Vaccine for the prevention of diphtheria, tetanus, whooping cough (acellular), hepatitis B and infection caused by Haemophilus influenzae type b ()


Vaccine options

Pertussis vaccine is usually produced in combination with diphtheria and tetanus toxoids (DPT).
The domestically produced vaccine contains a more reactogenic, but also more immunogenic whole-cell pertussis component. In addition, domestically produced combination drugs “Bubo-M”, “Bubo-Kok” and “DTP-HepB” are produced, as well as imported vaccines “Pentaxim”, “Infanrix Penta”, “Infanrix Hexa”, “Tetraxim”, “Infanrix” " Imported AaDPT vaccines (Adsorbed acellular Pertussis-Diphtheria-Tetanus vaccines) contain an acellular pertussis component, which is better tolerated than whole cell, but has lower immunogenicity. Imported vaccines, as well as, for example, the BUBO-Kok vaccine, are often combined with vaccines against hepatitis B, polio (inactivated) and Haemophilus influenzae type b. For age-related revaccinations against pertussis in children over 6 years of age and adults, as a rule, combination vaccines with an acellular pertussis component are used, which also include a reduced content of diphtheria toxoid and tetanus toxoid (Adasel vaccine).

What type of vaccine is there for whooping cough?

The whole cell vaccine contains live bacteria, but they are artificially weakened. Split vaccines contain fragments of pertussis bacillus. Split vaccines do not produce as strong a reaction, but are more expensive. Therefore, the state provides its citizens with budgetary whole-cell vaccinations.

The vaccine is called DPT, which stands for “adsorbed pertussis-diphtheria-tetanus.” 1 ml of vaccine contains 20 billion pertussis bacilli, which is equivalent to 2 doses.

Analogues of whole cell vaccines:

  • Tritanrix, which contains components that protect against tetanus, diphtheria, whooping cough, hepatitis B and Haemophilus influenzae.
  • Bubo-kok, which is supplemented only with a component that protects against hepatitis B.

Split vaccines:

  • Infanrix is ​​an analogue of DTP, containing exactly the same components.
  • Infanrix Hexa, in addition to components against whooping cough, diphtheria and tetanus, it contains antibodies to Haemophilus influenzae, polio and hepatitis B. The Hexavak vaccine has a similar effect.
  • Pentavac provides protection against diphtheria, whooping cough, tetanus, polio and Haemophilus influenzae.

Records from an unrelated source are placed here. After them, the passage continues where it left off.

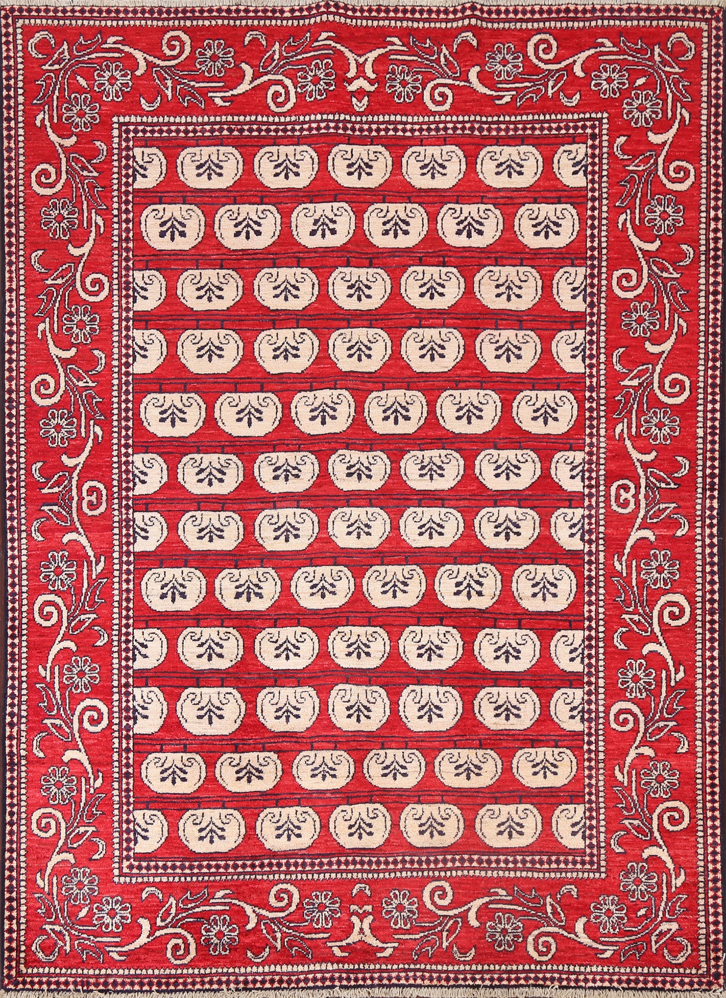 A Beautiful Genuine Pakistan Gabbeh (kashkoli) rug is Hand Knotted by skillful weavers in Pakistan with 100% Wool Material. This rug is in New, First Quality condition. dimensions are 6' 4'' X 4' 11'' in foot and 193 X 150 in centimeter. the primary color is Red.
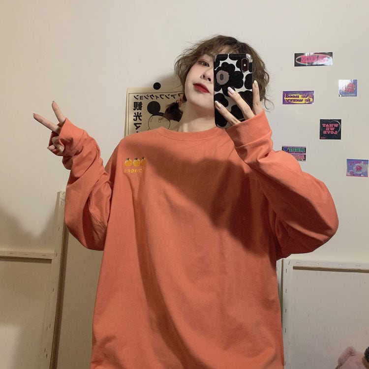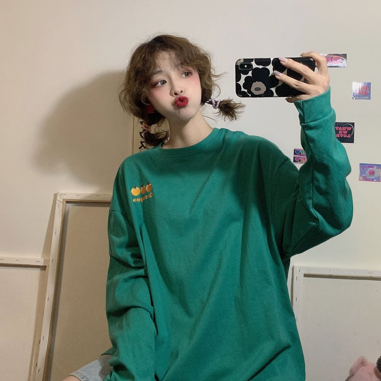 【送料無料】 6色 ロンT トップス Tシャツ レディース 長袖 おしゃれ プルオーバー ワンポイント みかん カジュアル 可愛い 大きめ ゆったり こなれ感 コーデ 通勤 通学 学生 白 黒 青 緑 橙 グレー ホワイト ブラック ブルー グリーン オレンジ 10代 20代 春 秋 冬 トレンド インスタ映え 韓国 ファッション お揃い 普段着 着回し 双子 ママ ママコーデ 女子会 デート 公園 お洒落 存在感 主役級 大人カジュアル ゆる オーバーサイズ 大人可愛い db2818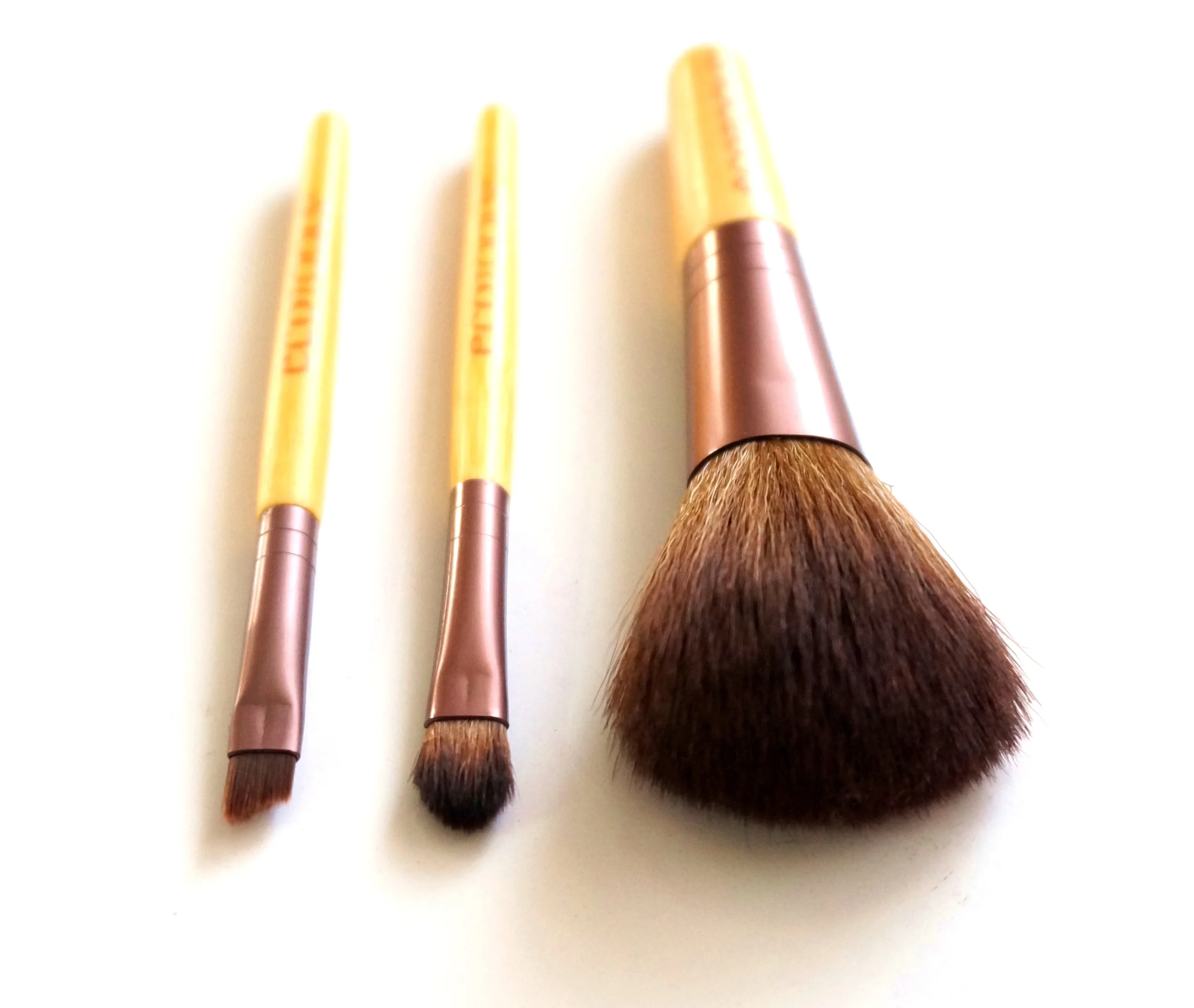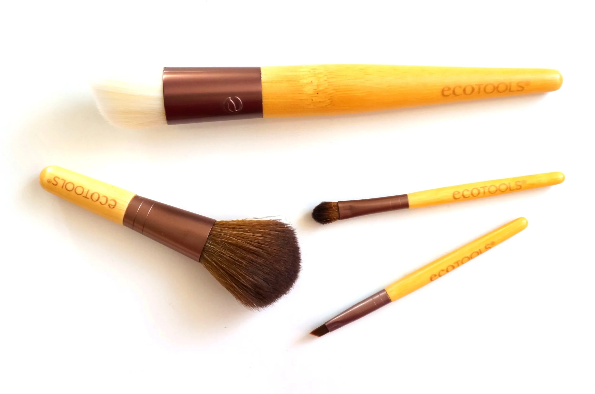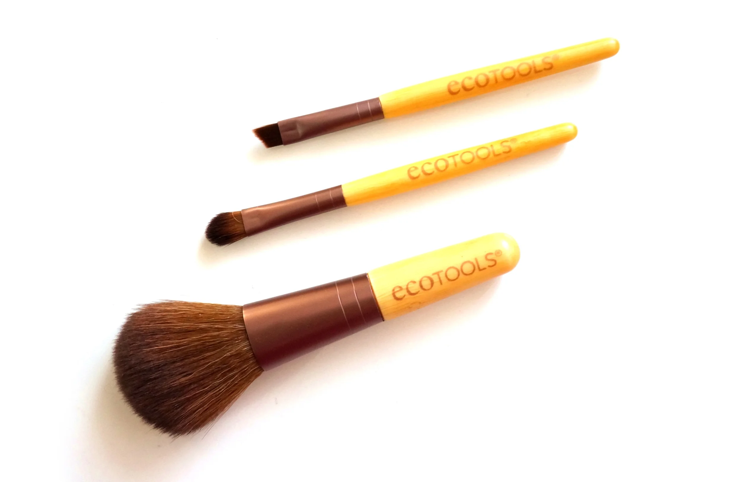 Even if you don't travel, as long as you apply makeup anywhere outside the house, you will need a mini brush set. These things save you a lot of room in your bag and help simplify your routine! I've reviewed a couple of mini sets before, but today I have for you the smallest of them all: the Ecotools Mini Essentials Set (P530 from Kalm Cosmetics).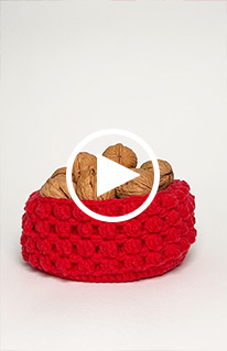 ------------------------------------------------------- EXPLANATIONS FOR THE PATTERN: ------------------------------------------------------- PATTERN: Small basket: See diagrams A.1 and A.4. Medium basket: See diagrams A.2 and A.4. Large basket: See diagrams A.3 and A.4. (Diagrams A.1a, A.2a, A.3a and A.4a show how the rounds start and finish) ------------------------------------------------------- START THE PIECE HERE: ------------------------------------------------------- BASKET - SHORT OVERVIEW OF THE PIECE: Work 1 small basket in red, 1 large basket in red and 2 medium baskets in mustard. The piece is worked in the round, from the middle of the bottom and up the sides. You work an edge in popcorn pattern which is turned outwards and finally a finishing edge. SMALL BASKET: Work 5 chain stitches with hook size 4 mm = US 6 and red and form them into a ring with 1 slip stitch in the first chain stitch. Work pattern in the round as follows: Work A.1a (shows how the rounds start and finish), A.1b a total of 12 times on the round. Work until there is 1 round left in A.1a and A.1b = 72 double crochets on the round – REMEMBER THE CROCHET GAUGE! The piece measures approx. 12 cm = 4¾" in diameter; the bottom is finished. Insert 1 marker in this round – THE PIECE IS NOW MEASURED FROM HERE! Work the last round and repeat this round until the piece measures 7 cm = 2¾". Work popcorn pattern and a finishing edge as described below. MEDIUM BASKET: Work 5 chain stitches with hook size 4 mm = US 6 and mustard and form them into a ring with 1 slip stitch in the first chain stitch. Work pattern in the round as follows: Work A.2a (shows how the rounds start and finish), A.2b a total of 12 times on the round. Work until there is 1 round left in A.2a and A.2b = 84 double crochets on the round – REMEMBER THE CROCHET GAUGE! The piece measures approx. 14 cm = 5½" in diameter; the bottom is finished. Insert 1 marker in this round – THE PIECE IS NOW MEASURED FROM HERE! Work the last round and repeat this round until the piece measures 7 cm = 2¾". Work popcorn pattern and a finishing edge as described below. LARGE BASKET: Work 5 chain stitches with hook size 4 mm = US 6 and red and form them into a ring with 1 slip stitch in the first chain stitch. Work pattern in the round as follows: Work A.3a (shows how the rounds start and finish), A.3b a total of 12 times on the round. Work until there is 1 round left in A.3a and A.3b = 108 double crochets on the round – REMEMBER THE CROCHET GAUGE! The piece measures approx. 18 cm = 7" in diameter; the bottom is finished. Insert 1 marker in this round – THE PIECE IS NOW MEASURED FROM HERE! Work the last round and repeat this round until the piece measures 7 cm = 2¾". Work popcorn pattern and a finishing edge as described below. POPCORN PATTERN: Now turn the piece so that you are working in the opposite direction (so that when the edge is folded outwards, the pattern will be on the right side). Work A.4a (shows how the rounds start and finish), A.4b a total of 24-28-36 times on the round. Work A.4a and A.4.b a total of 4-4-4 times in height. The piece measures approx. 13-13-13 cm = 5⅛"-5⅛"-5⅛" from the marker. Cut and fasten the strand. Fold the popcorn edge outwards. FINISHING EDGE: Work a finishing edge along the opening as follows from the right side: * 1 single crochet in each of the 2 double crochets between 2 popcorn stitches, work 1 chain stitch, skip 1 popcorn stitch *, work from *-* along the whole opening, finish with 1 slip stitch in the first single crochet. Cut and fasten the strand. |

In Europe, a monocomponent whooping cough vaccine is also used, but in Russia it is not used.

Principles and purposes of vaccination

The main purpose of vaccination against whooping cough is to reduce the risk of acute whooping cough in infancy. It is important to note that children in the age group from 7 to 14 years occupy a leading place in the structure of cases due to the weakening of post-vaccination immunity just by the age of 6–7 years. In school-age children and adults, whooping cough can also be very severe, therefore, to prolong immunity, it is possible to carry out age-related revaccinations at older ages. Moreover, it is school-age children, as well as parents, who are one of the main sources of infection for unvaccinated children in the first months of life, in whom whooping cough is especially severe.

Is it necessary to get a whooping cough vaccine?

The bacterium that provokes the disease quickly loses its viability in external conditions, but when infection does occur, it is almost impossible to get rid of the disease. The pertussis stick lives on surrounding objects for only a few minutes. It can be killed by factors such as sunlight, room disinfection, and even regular cleaning without the use of any specialized products.

Whooping cough is an infectious disease that has an acute course and is accompanied by paroxysmal cough. The causative agent of whooping cough is the Bordet-Gengou bacillus (bordetella). The source of the spread of infection is a sick person. The disease is transmitted by airborne droplets.

The incubation period of the disease lasts 3-15 days and is not accompanied by any symptoms. The catarrhal period is extended for 14 days. At this time, the patient develops a dry cough, body temperature rises to 38 °C, and there is a slight runny nose.

The next period is called “spasmodic”. Its duration is 4 weeks. At this time, the patient suffers from paroxysmal coughing, which is accompanied by short-term cessations of breathing and often ends with vomiting.

The last period of the disease is called the resolution stage. It lasts about 2 weeks. At this time, coughing attacks begin to gradually fade away.

The reasons for getting a whooping cough vaccine are as follows:

  • The disease has a long course and is accompanied by paroxysmal cough, which cannot be eliminated by taking medications.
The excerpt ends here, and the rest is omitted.